- Born: 1909
- Died: 1987 (aged 77–78)
- Occupations: Investment banker Philanthropist Thoroughbred owner Polo player
- Spouse: Alice du Pont Mills
- Children: Mrs. William Abel-Smith Mrs. James Wyeth James P. Mills Jr.
- Honors: Virginia Equine Hall of Fame U.S. Polo Hall of Fame

= James P. Mills =

American investment banker and philanthropist

James P. Mills (1909-1987) was an American investment banker, throughbred owner, polo player and philanthropist.

==Biography==

===Early life===
James P. Mills was born in 1909 the son of Paul Denckla Mills (son of the late General Samuel Miles Mills, Commandant of the U. S. Military Academy at West Point) and Ellen Drexel Paul the granddaughter of Anthony J. Drexel. He graduated from Yale University, where he was the captain of the polo team in 1931 and 1932.

===Banking career===
He worked as an investment banker.

===Equestrian interests===
He owned Devil's Bag (1981–2005), Gone West (1984-2009), Believe It, Chumming and Akureyri. Additionally, he was a member of The Jockey Club, the National Steeplechase Association and the Virginia Equine Hall of Fame.

He was also an eight-goal polo player from the age of twenty-five. He played at the Meadowbrook Polo Club in Nassau County, New York and at the Aiken Polo Club in Aiken, South Carolina.

He won many championships. Both in 1929 and in 1933, he won the Silver Cup, also known as the Junior Championship Cup. In 1932, together with Elmer Boeseke (1895-1963), Winston Frederick Churchill Guest (1906-1982), Stewart Iglehart (1910-1993), Michael Grace Phipps (1910-1973), Joseph Cornelius Rathborne and William Post II, he competed in the Cup of the Americas in Palermo, Buenos Aires. The following year, in 1933, he won the U.S. Open Polo Championship in Seymour H. Knox II (1898-1990), Elbridge T. Gerry, Sr. (1909-1999), and Elmer Boeseke.

He also won the Monty Waterbury Cup twice: in 1933 and, three years later, in 1936. That year, in 1936, he was also a reserve for the International Polo Cup. The same year, together with Michael Phipps, Winston Guest and Robert E. Strawbridge, Jr. (1896-1986), he won the Hurlingham Champion Cup, the Roehampton Open Challenge Cup and the Coronation Cup.

Additionally, he wrote about polo for The Sportsman.

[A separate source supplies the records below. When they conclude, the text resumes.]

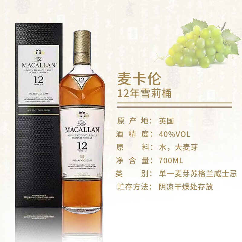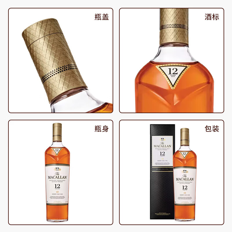 麦卡伦单一麦芽苏格兰威士忌斯佩塞产区蓝钻双桶/雪莉桶700ml洋酒 麦卡伦蓝钻双桶12年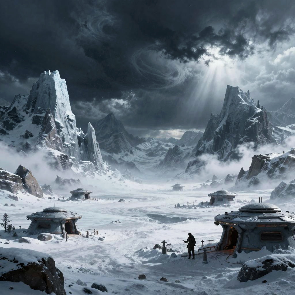 Star Wars landscapes of icy tundras with jagged frozen mountains, scattered rebel outposts, swirling snowstorms, dramatic sky, cinematic sci-fi art style, intense epic vibe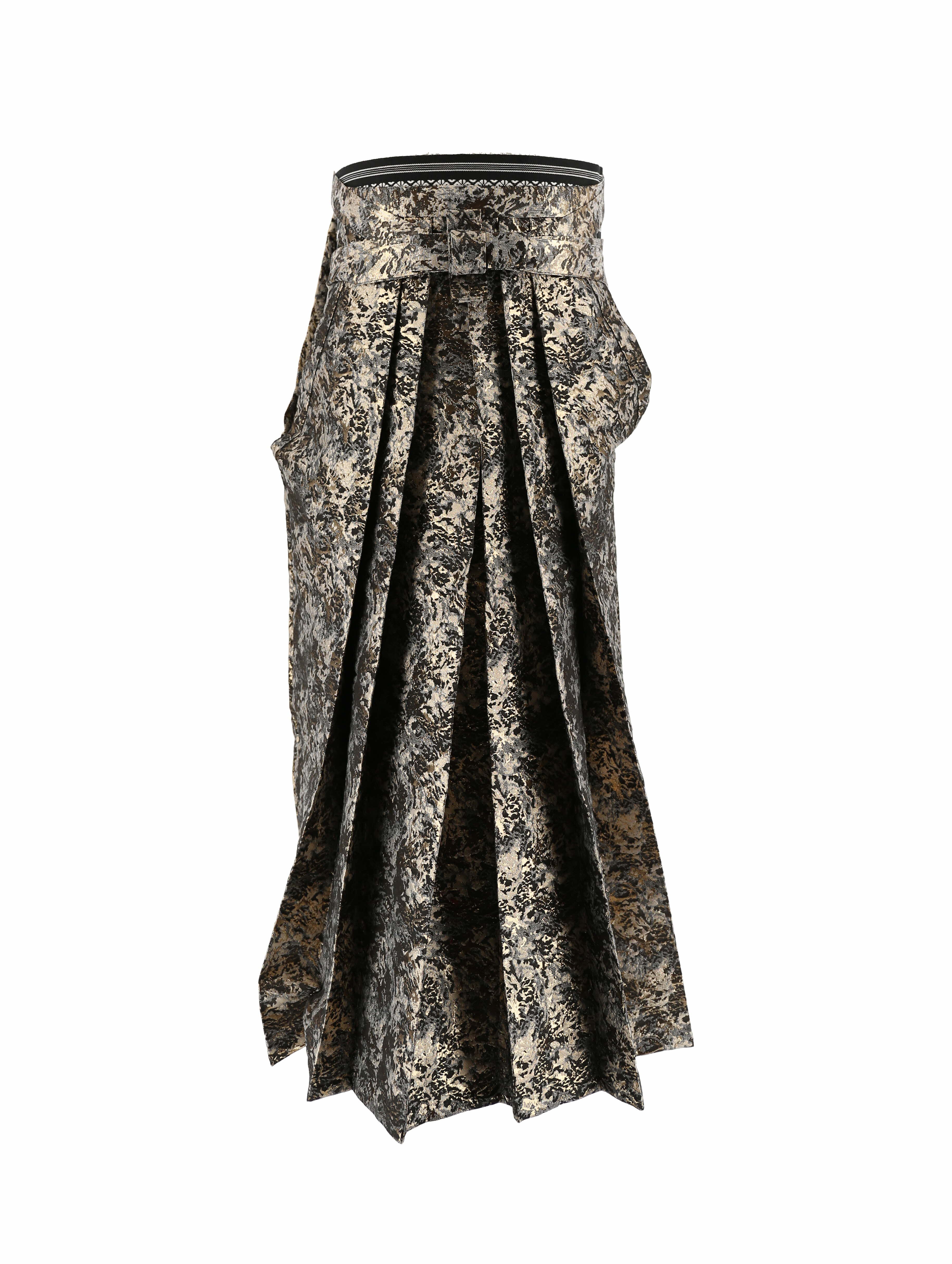 男性用袴単品レンタル(成人式・結婚式・卒業式)グレー黒ゴールドの迷彩柄[身長175cm]No.320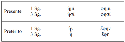 En ático clásico, las formas del verbo defectivo ἠμί ‘yo digo’ guardan con respecto a las de φημί ‘yo digo’ una relación que va más allá de la mera sinonimia. En primer lugar, como se desprende del contenido del Cuadro 1, muestran, en los casos en que es posible establecer con certidumbre el examen comparativo, especificaciones morfológicas virtualmente idénticas.

On February 17, 2012, he was inducted in the Museum of Polo and Hall of Fame in Lake Worth, Florida.

===Philanthropy===
He founded the Arthritis Foundation.

===Personal life===
In 1935, he married Alice du Pont Mills (1912-2012). They had two daughters and a son:
- Mimi Mills. She was married to William Abel-Smith.
- Phyllis Mills. She is married to painter Jamie Wyeth.
- James P. Mills Jr. He is married to Debbie Manoog Mills.

They lived on Hickory Tree Farm, which includes the Confederate Hall and is listed on the Virginia Landmarks Register, located in Middleburg, Virginia. He developed spinal arthritis in 1945, at the age of 37.

He died in 1987 in Winchester Hospital in Winchester, Massachusetts. His funeral ceremony took place at the Emanuel Church in Middleburg, Virginia.